Le scritte a lato recitano: QVINTO SAECULIO TRANSACTO A MARTINI LUTHERI PSEVDOREFORMATIONE cioè "TRASCORSI CINQUE SECOLI DALLA PSEVDORIFORMA DI MARTIN LUTERO". Quindi una riforma falsa ( PSEVDO... ). Mi chiedo perché i responsabili delle poste vaticane abbiano voluto lanciare un messaggio così strano:Lutero commemorato, ma con dileggio. Quanto a SAECULIO, mi sembra che ci sia un vistoso errore: in latino si scrive SAECULUM senza la I. Ignoranza del latino in Vaticano? Improvvisazione?

Franco ha detto...

Chiedo scusa. Le due immagini presentate su "Opportune importune" con la scritta "QVINTO EXACTO SAECULIO A MARTINI LUTHERI PSEVDOREFORMATIONE" probabilmente sono state inserite da Cesare Baronio per scherzo.Mi resta da capire se Messori ha visto queste o altre.

miri ha detto...

Ma non avete visto che in basso a sinistra è scritto: caesar baronius fecit?

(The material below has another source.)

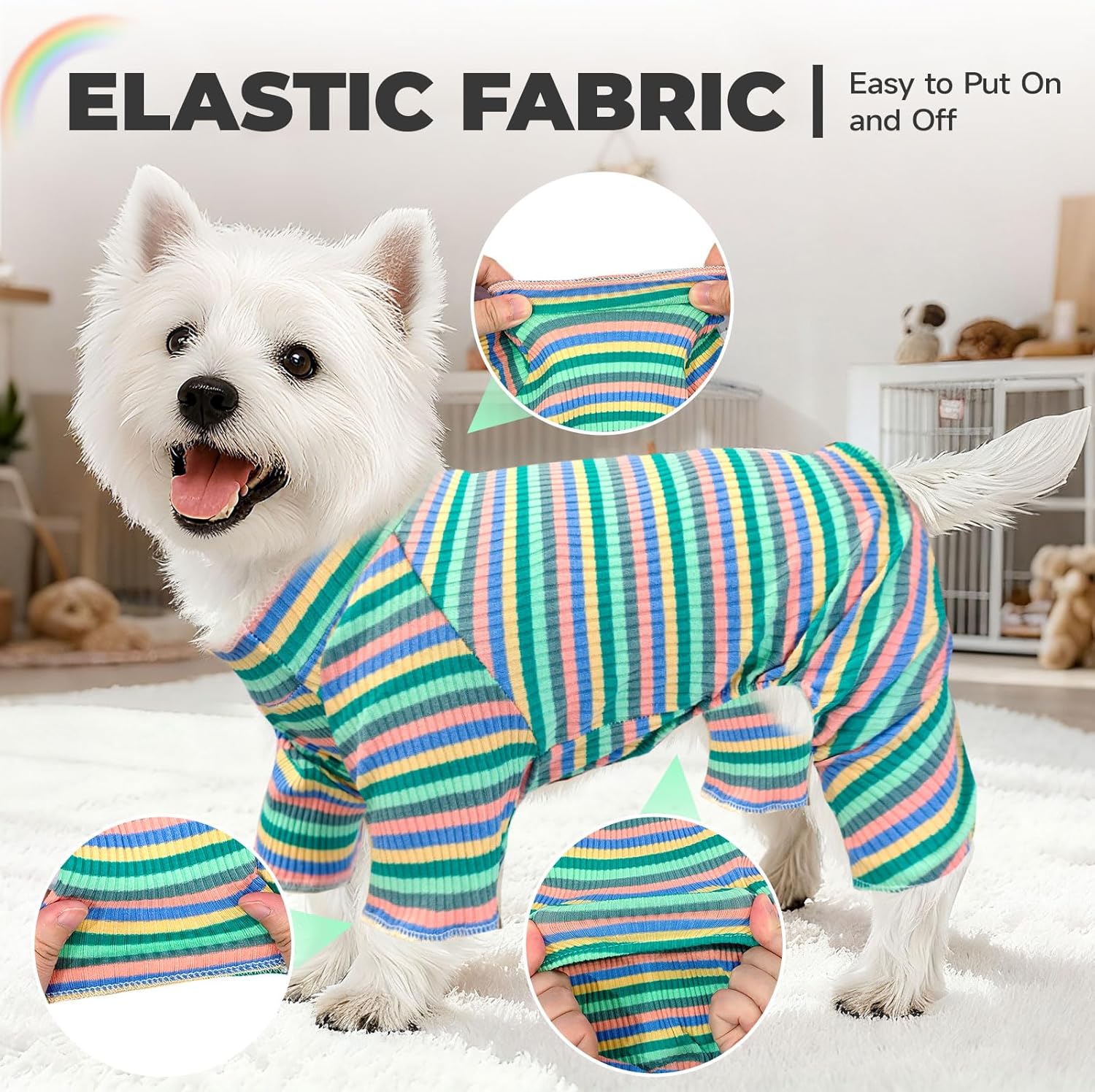 - SUPER-STRETCHY & EASY PUT ON/OFF:These dog pajamas feature exceptional stretchability throughout the entire garment, including the neckline, cuffs, leg openings, and waist area. The stretchy neckline expands comfortably for easy head placement, while the flexible cuffs and leg openings allow paws to slide through smoothly. The elastic waist ensures a secure yet comfortable fit that moves naturally with your dog’s body. This thoughtful stretch design makes dressing stress-free and quick, turning what can often be a struggle into a seamless experience for both you and your pet

Cesare Baronio ha detto...

Ops scusate, mio nipote ha fatto un piccolo errore col computer :)
Il francobollo è adesso corretto! Comunque vedo con piacere che erano verosimili, se non altro nella grafica.
Il testo è tutt'altro che progressista, così come le immagini, prese da due (rarissime) immagini satiriche antiluterane.
Se avrete la pazienza di cercare su Google "lutheran reform caricature" vedrete invece le orrende immagini di pseudo-satira anticattolica, con Leone X rappresentato come un demone, un animale, una bestia infernale; e i demoni che generano frati e suore defecandoli (scusate la brutalità), o una vignetta di Leone X su un maiale che regge in mano una deiezione...
Come vedete, la satira verso un eresiarca è molto, molto meno pesante di quella degli eresiarchi verso chi proclama la verità.
Lo era prima, lo è anche oggi.
B+

Sacerdos quidam ha detto...

"fraternità.... francobolli.... e dubia".

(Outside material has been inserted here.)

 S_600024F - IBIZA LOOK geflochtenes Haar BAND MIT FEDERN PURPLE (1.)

L'articolo del dott. Gnocchi è un'altra conferma di quanto scrivevo giorni fa: più il tempo passa, più i tradizionalisti legati alla FSSPX (anch'io lo sono) si 'incattiviscono', senza riflettere che stipulare l'accordo non vuol dire 'essere d'accordo' con Papa Bergoglio, e neppure diventare la sfaccettatura tradizionalista della poliedrica 'chiesa bergogliana'. Dove vede il dott. Gnocchi questo automatismo?
I vertici della Fraternità vengono visti quasi come dei collaborazionisti, dei 'ralliés', con Mons. Schneider nelle vesti di pifferaio di Hamelin...

Non mi sembra che Gnocchi avesse assunto questo atteggiamento quando era nell'aria l'accordo sotto il precedente Sommo Pontificato: accordo non meno pericoloso, solo che si abbia coscienza di quale fosse l'ideologia e la tattica dell'allora Papa Ratzinger, che rispetto a Papa Bergoglio si limitava a procedere nello sviluppare il Vaticano II in modo più prudente e lento, ma in sostanza identico.


Walter ha detto...

Vorrei ricordare, come ha spiegato saggiamente Don Luigi Villa, che era anche un omicida-suicida...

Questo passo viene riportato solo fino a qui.